Na jeziorze Czarne miało miejsce przerażające zdarzenie, w którym blisko śmierci znalazła się 17-letnia Ukrainka. Wypadkowi, do którego doszło w wtorek, 15 sierpnia, towarzyszył gwałtowny wysiłek ze strony ratowników WOPR oraz obecnych na miejscu plażowiczów, którzy niezwłocznie ruszyli na pomoc dziewczynie.
Dramat rozegrał się tuż po tym, jak młoda Ukrainka wespół z koleżanką zdecydowały się na serię skoków do wody z jednego z pomostów nad jeziorem – co jest całkowicie legalne. Przy jednym z kolejnych skoków, mimo że obie dziewczyny skoczyły trzymając się za ręce, na powierzchni pojawiła się tylko jedna z nich. Tę niepokojącą sytuację szybko zauważył obecny na miejscu ratownik WOPR i natychmiastowo wszczęto akcję poszukiwawczą pod wodą.
Do ratunkowych działań w pobliżu pomostu zaangażowani zostali zarówno profesjonalni ratownicy WOPR, jak i inni plażowicze. Po krótkiej chwili udało się odnaleźć zaginioną 17-latkę. Po wydobyciu jej z około 3-metrowej głębokości okazało się, że jest nieprzytomna.

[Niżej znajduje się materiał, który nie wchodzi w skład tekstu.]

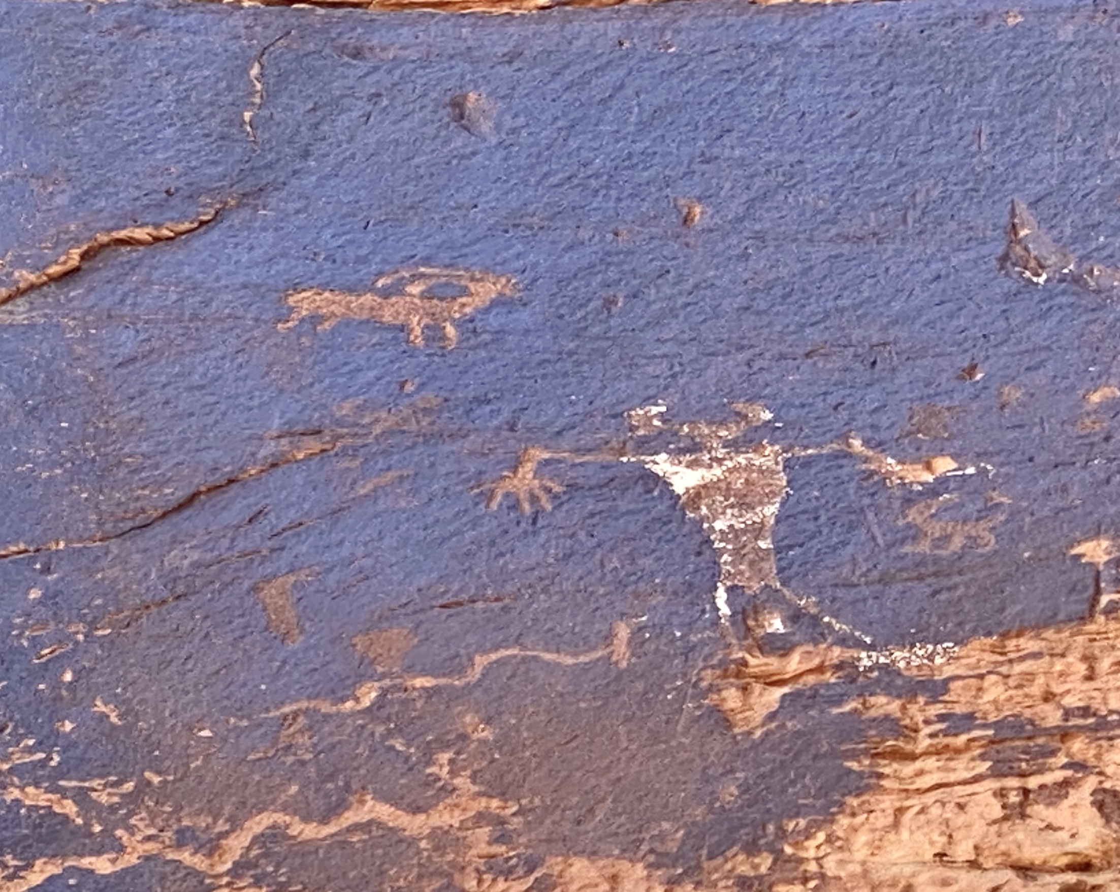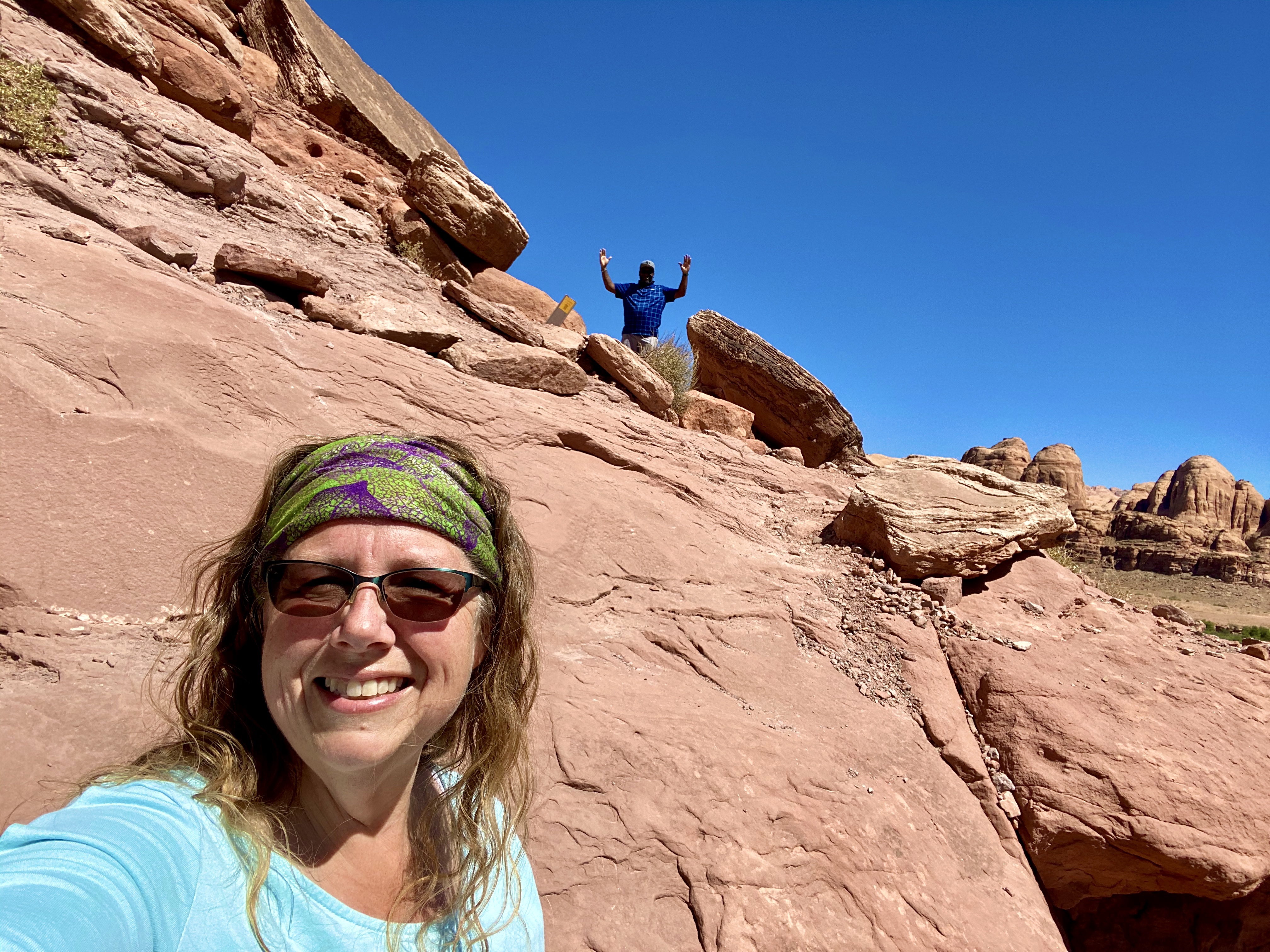 One crowdless gem was a short .6 mile trek on the Poison Spider Trail, which takes you to some dinosaur tracks and petroglyphs. It was quite the scramble up the rocks, so much so, that just as we nearly hit the top, I listened to my gut (and my shaky legs), and stopped. The vision of one bad misstep and falling backwards got embedded in my head, so I tapped out. Ken however, who loves to climb rocks, was in his element and went ahead of me to take photos of the dinosaur tracks. The tracks were from Eubrontes (about 6 feet tall) and Grallator (size of a turkey) dinosaurs. The tracks are embedded in Navajo Sandstone and dated over 190 millions years ago.

Akcja ratownicza nie została przerwana po wydobyciu dziewczyny z wody. Ratownicy rozpoczęli bowiem reanimację 17-latki, dzięki której udało się przywrócić jej samodzielny oddech przed nadejściem karetki pogotowia. Następnie dziewczyna została przewieziona do szpitala, gdzie jeszcze przebywa. Jak informuje Iliya Iliev, kierownik SOR we włocławskim szpitalu i dyrektor WSS ds. lecznictwa – stan pacjentki jest poważny.
W czasie trwania całej akcji ratunkowej nad jeziorem Czarnym została wywieszona czerwona flaga. Ratownicy WOPR musieli poświęcić całą swoją uwagę i energię na ratowanie życia 17-latki, co skutkowało koniecznością czasowego zamknięcia kąpieliska dla pozostałych plażowiczów.